1. Pipes got a new block for Reddit

    Summary: Since Reddit did not work well with our RSS feed block, despite its slow request limit and a new improved detection of 429 responses, Pipes now got a dedicated block to access subreddit feeds. That new block uses an rss-bridge instance to solve the problem.

    As far as social media sites go Reddit is one of the accessible ones. Not only is the activity on the site visible without an account, Reddit even provides RSS feeds for the submissions to their subreddits. That is very useful especially for sites like Pipes that work well with RSS items.

    But until recently Pipes and Reddit did not work well together. When importing a Reddit feed into a pipe, it sometimes worked and sometimes did not. It turned out that the Reddit servers again and again would refuse to serve content when Pipes asked.

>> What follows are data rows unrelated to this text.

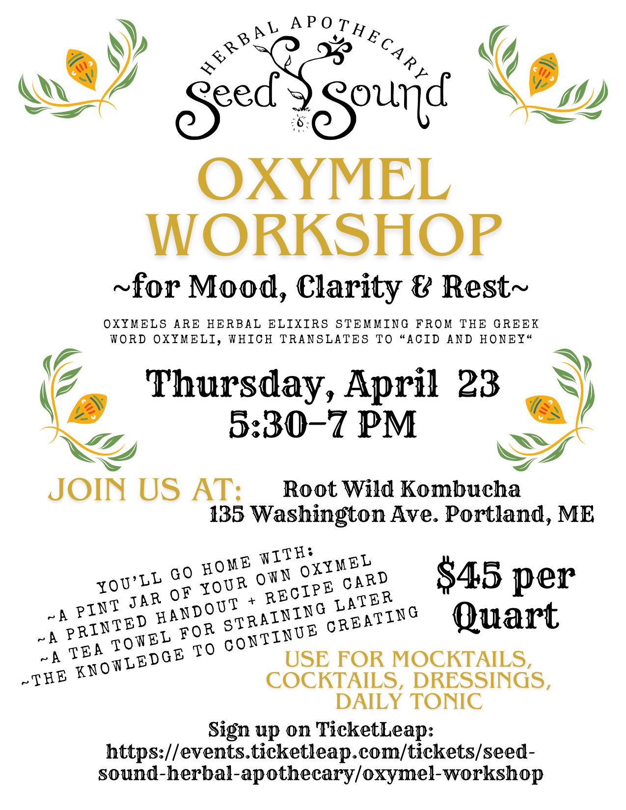 Join us at: Root Wild Kombucha, 135 Washington Ave · Portland, ME
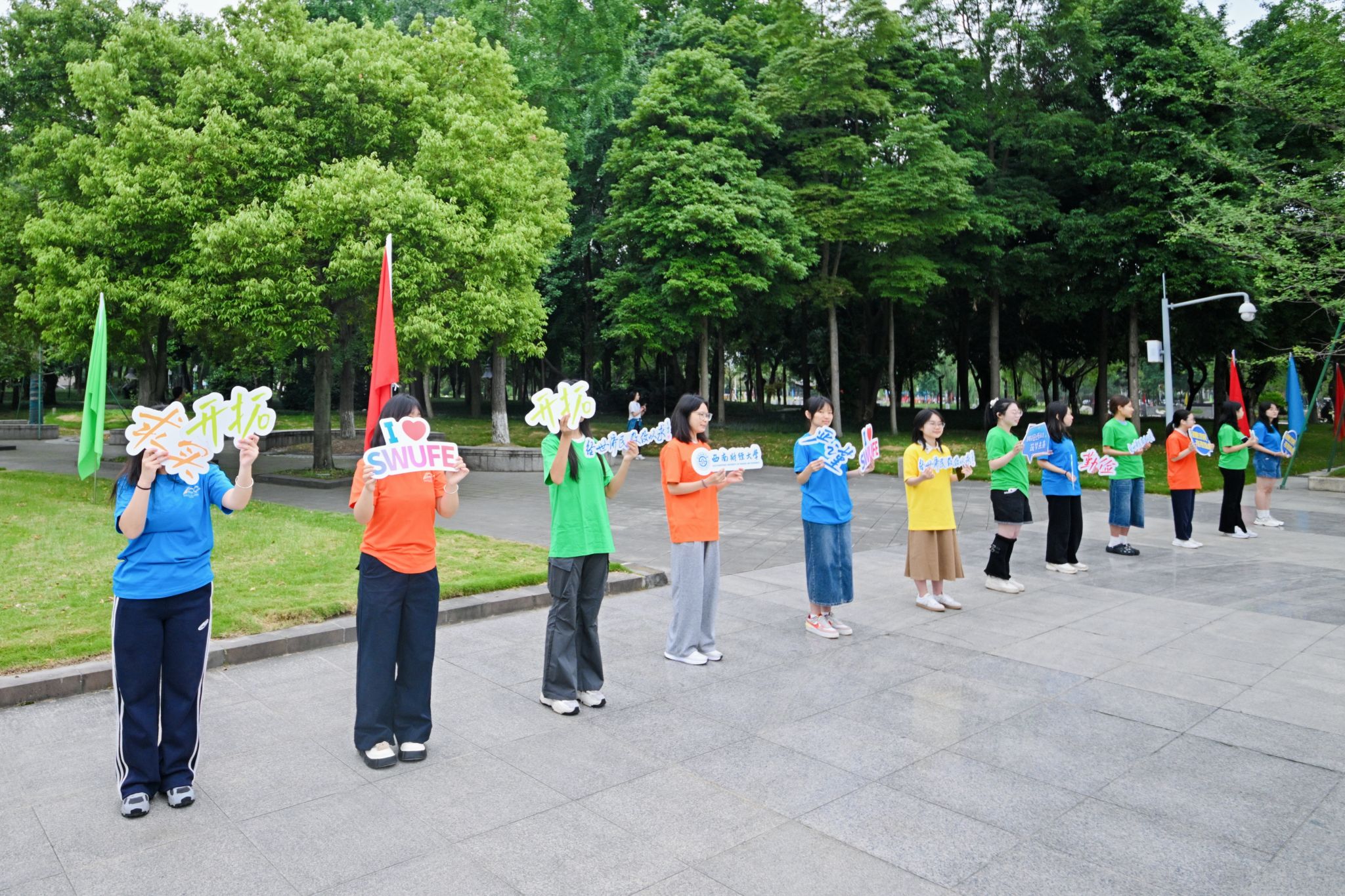 柳林校区腾骧楼前,教师刚劲有力的武术表演和学子奋力挥舞的旗帜交相辉映,在“强国建设、西财担当”“祝百年西财生日快乐”的声声礼赞中汇聚昂扬起“巍巍学府,世纪荣光”的磅礴情怀。
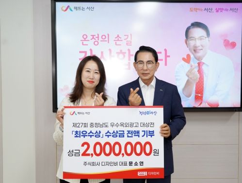(아름다운교육신문) 충남 서산시는 5일 디자인비(Design B)가 제27회 충남 우수옥외광고 대상전을 통해 획득한 최우수상 수상금 200만 원을 기탁했다고 밝혔다.
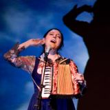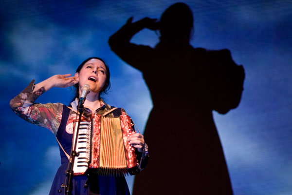 De Zwitserse vocaliste Erika Stucky speelt tijdens de proloog van de ZomerJazzFietsTour 2011. Foto © Julia Free.
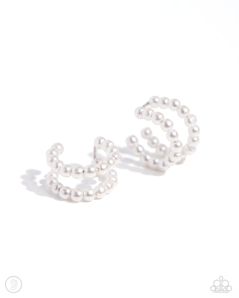 Infused along an invisible wire, a double-layered display of glossy white pearls curls around the ear creating an adjustable, one-size-fits-all refined cuff.
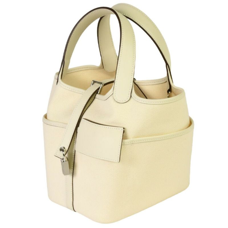 3. エルメス HERMES ピコタンロック カーゴ PM ハンドバッグ スイフト トワルゴエラン キャンバス U刻印 ナタ シルバー金具 アイボリー【中古】
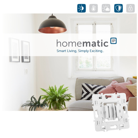 Adaptér umožňuje integrovat rámečky a kryty modelové řady Céliane nebo Mosaic od společnosti Legrand. Adaptér se integruje k spínacímu akčnímu členu HmIP-BSM-I.
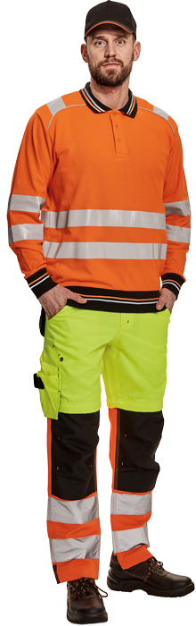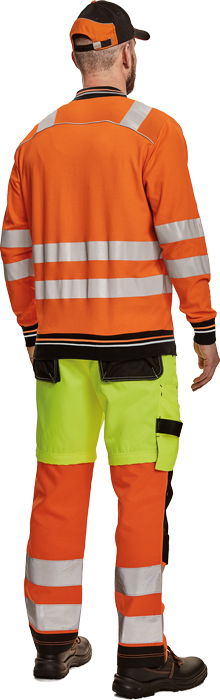 pánská HI-VIS mikina s límečkem z počesaného výplňku směsi polyesteru a bavlny; propínací léga na 3 knoflíky; kontrastní proužky v nápletech rukávů a spodním lemu; dvojice reflexních pruhů po obvodu pasu a rukávů a přes ramena; dekorativní prošití v HI-VIS barvě.
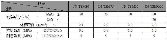 ·JN系列中間包涂抹料主要理化指標(biāo)·
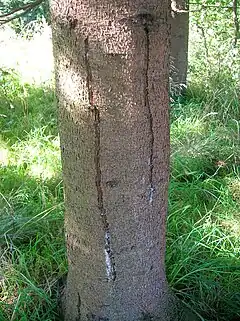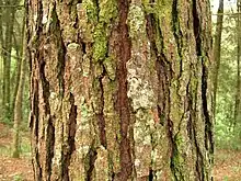L'écorce sillonnée normale a une couche d'écorce sur le bois en dessous. Toutefois, l'écorce peut peler ou tomber de l'arbre en feuilles (bouleau), en plaques (sycomore et pin), en lanières (cèdre) ou en blocs (cornouiller)[3].
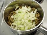 l'oignon, ajouter 2 feuilles, les amandes pulvérisées,
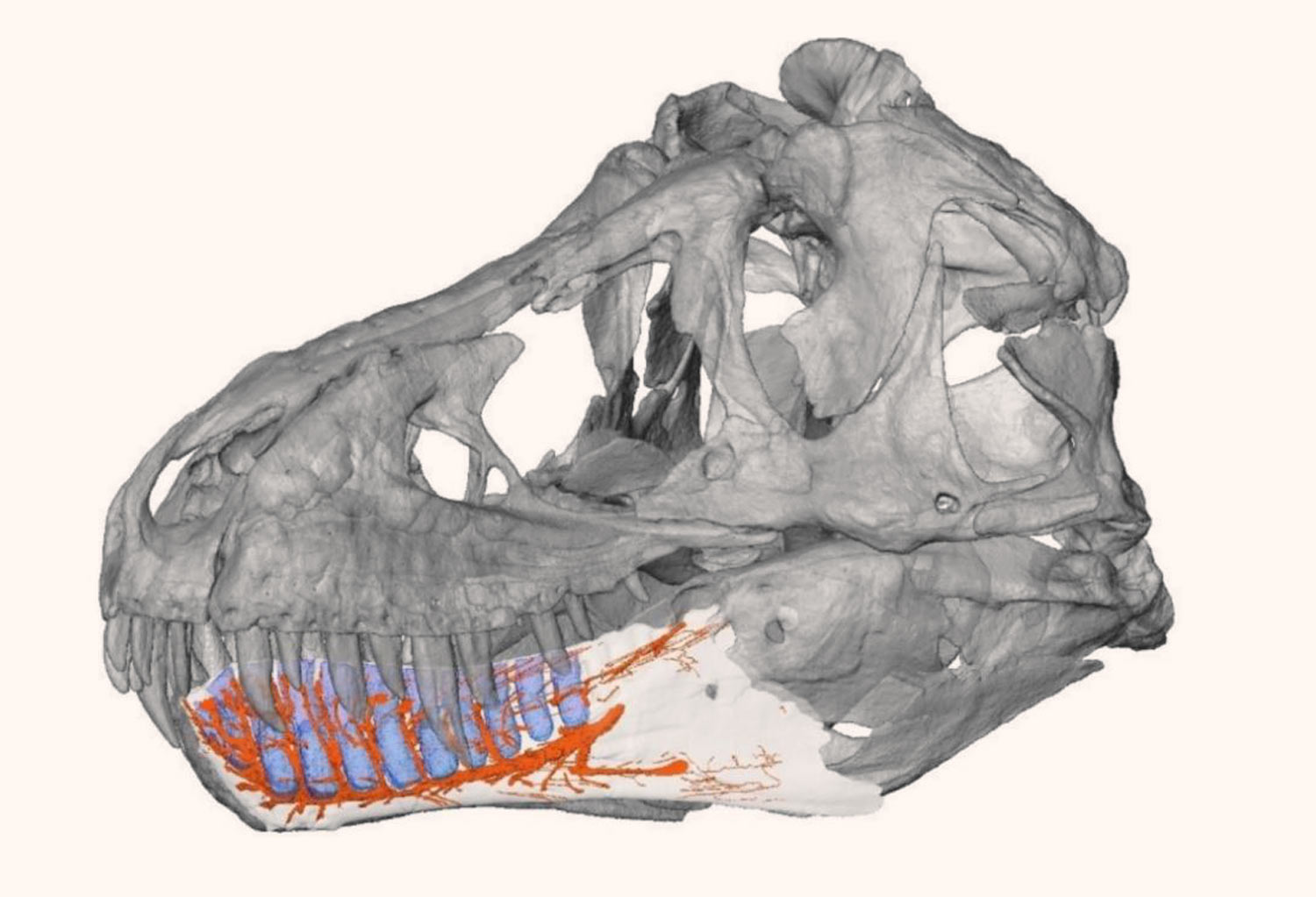 Paleontologists have analyzed the morphology of the neurovascular canal in the well-preserved jaw of Tyrannosaurus rex using computed tomography techniques. Their results show that the dinosaur’s neurovascular canal had a rather complex branching amongst the dinosaurs and that its complexity was comparable to that of living crocodiles and tactile-foraging birds.
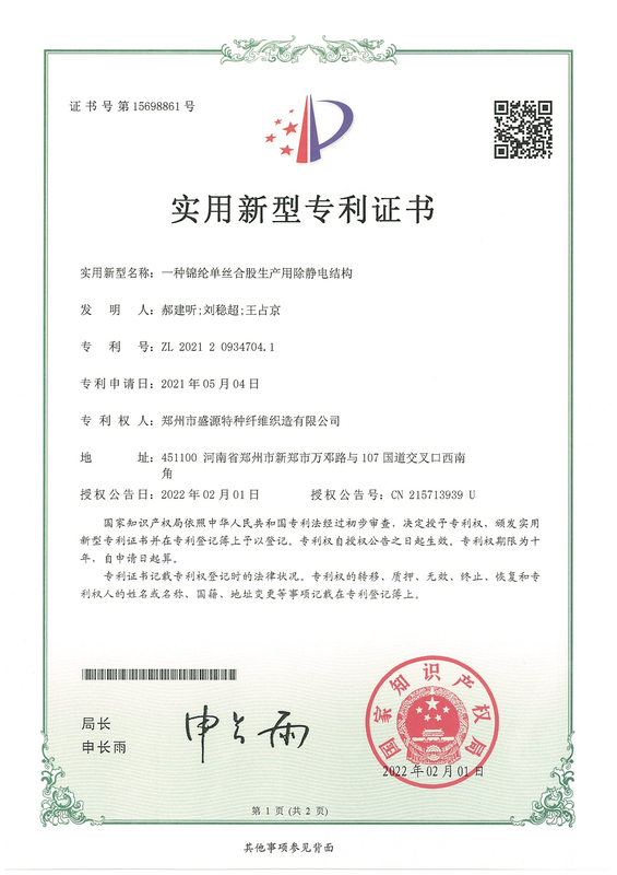 公司在技術(shù)創(chuàng)新領(lǐng)域成果斐然,截至目前,已累計獲得31項專利證書,涵蓋了特種纖維技術(shù)領(lǐng)域等多個方面。憑借刻苦鉆研的實力,榮獲“國家高新技術(shù)企業(yè)證書”、“武器裝備質(zhì)量管理體系認(rèn)證證書”、“鄭州市專精特新中小企業(yè)”、“創(chuàng)新型中小企業(yè)”等名譽。未來,公司將繼續(xù)加大研發(fā)投入,不斷探索創(chuàng)新,力爭在專利領(lǐng)域取得更多突破性的成果,為公司的持續(xù)發(fā)展和行業(yè)進(jìn)步提供強(qiáng)有力的技術(shù)支撐。
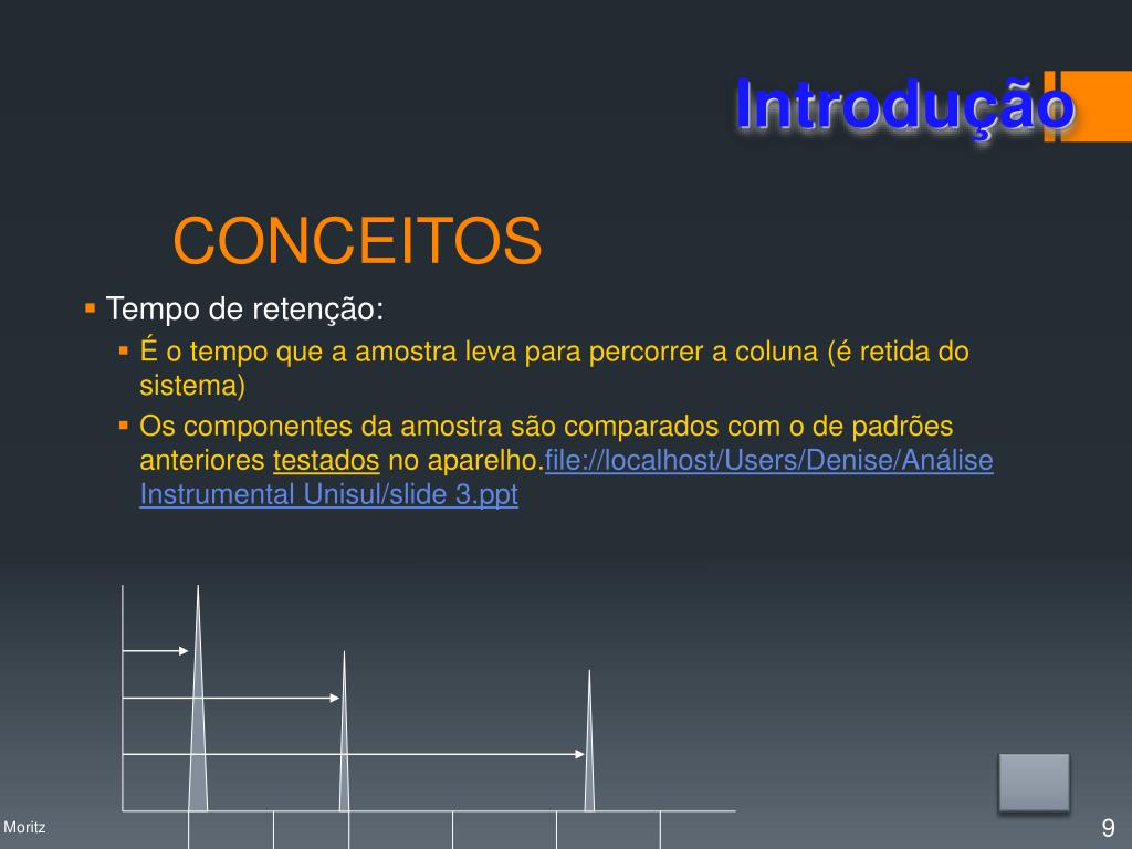 Introdução CONCEITOS • Tempo de retenção: • É o tempo que a amostralevaparapercorrer a coluna (éretida do sistema) • Oscomponentes da amostrasãocomparados com o de padrõesanteriorestestadosno aparelho.file://localhost/Users/Denise/Análise Instrumental Unisul/slide 3.ppt Profa. Denise Moritz
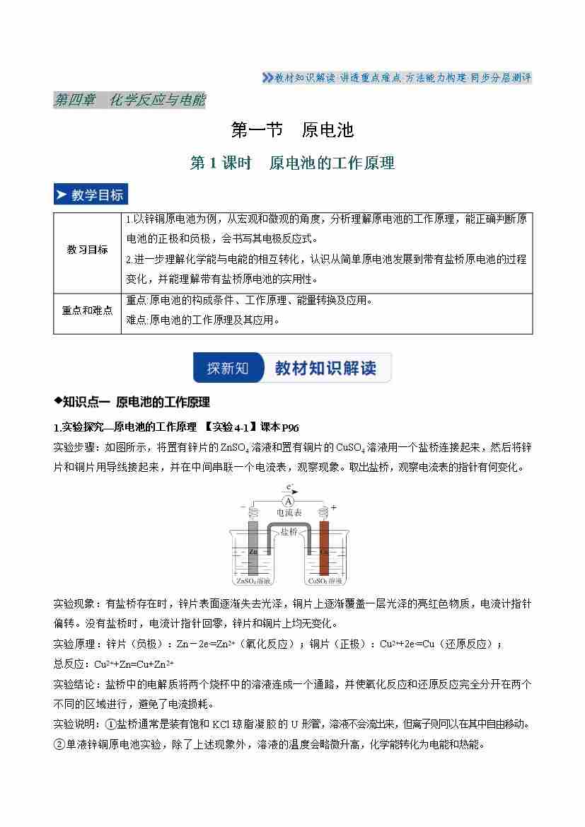 第四章 第一节 原电池 第1课时(教师版)
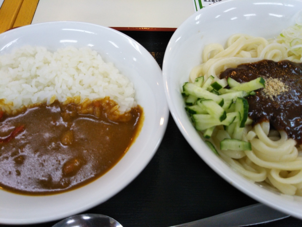 じゃじゃ麺とミニカレーのセット。券売機でたしか800円だったか。
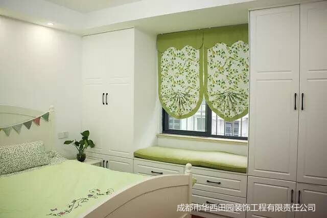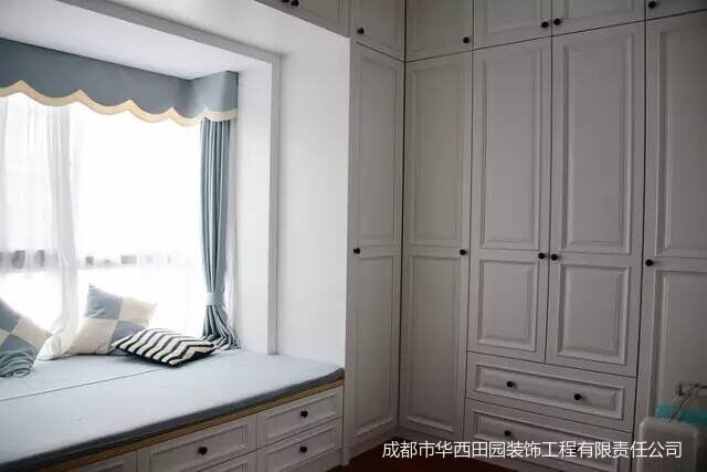 转角飘窗定制转角收纳抽屉,既不影响卧室采光,又为卧室增加了不少储物空间。
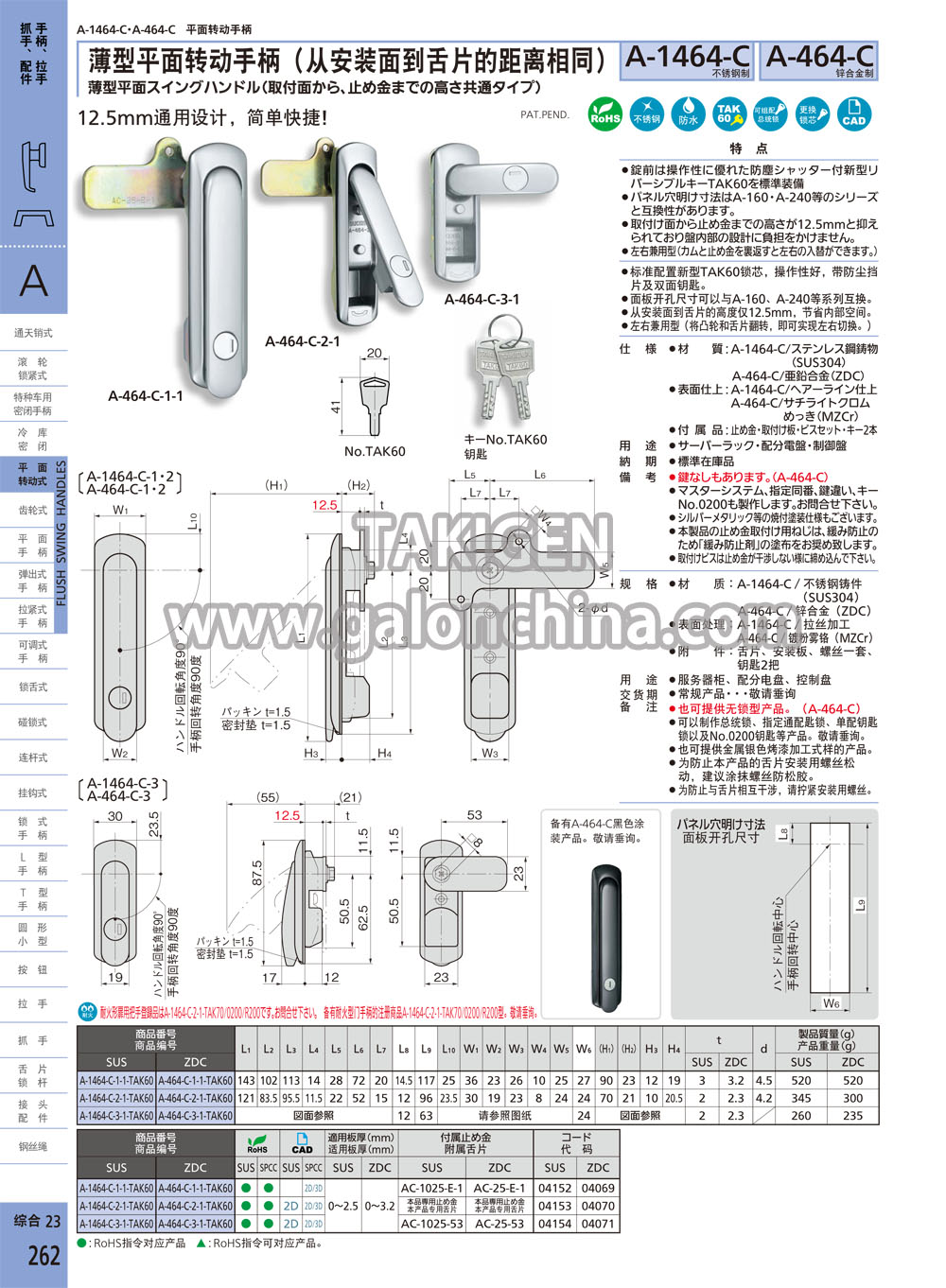 薄型平面转动手柄(从安装面到舌片的距离相同)

    That was surprising because at that time our downloader looked like this (slightly simplified):

    require 'open-uri'
    require 'lru_redux'
    
    # Download and cache downloads. Limit requests to the same domain to not spam it
    
    class Downloader
    
        def initialize()
            begin
                @@limiter
            rescue
                @@limiter = LruRedux::TTL::ThreadSafeCache.new(1000, 2)
            end
        end
    
        def get(url, js = false)
            url = URI.parse(URI.escape(url))
            result, date = Database.instance.getCache(key: 'url_' + url.to_s + '_' + js.to_s)
            
            if date.nil? || (date + 600) < Time.now.to_i
                while (@@limiter.key?(url.host))
                    sleep(1)
                end
                @@limiter[url.host] = 1
    
                result = URI.open(url, :allow_redirections => :all).read
    
                Database.instance.cache(key: 'url_' + url.to_s, value: result)
            end
            return result        
        end
        
    end
    

    That code did some effort to avoid spamming other sites:

    1. It caches every downloaded URL for 10 minutes, checking the date an URL was cached with if date.nil? || (date + 600) < Time.now.to_i.
    2. Pipes will only download data when requested externally, by a feed reader for example, which might be a lot less often than that 10 minute interval.
    3. It will remember the last 1000 hosts and wait 2 second before sending a new request to a host it just saw. That works via the combination of the LruRedux queue with a time-to-live of 2 seconds and the while (@@limiter.key?(url.host))

    But Reddit still sent a 429 response as soon as it saw Pipes requesting an RSS feed.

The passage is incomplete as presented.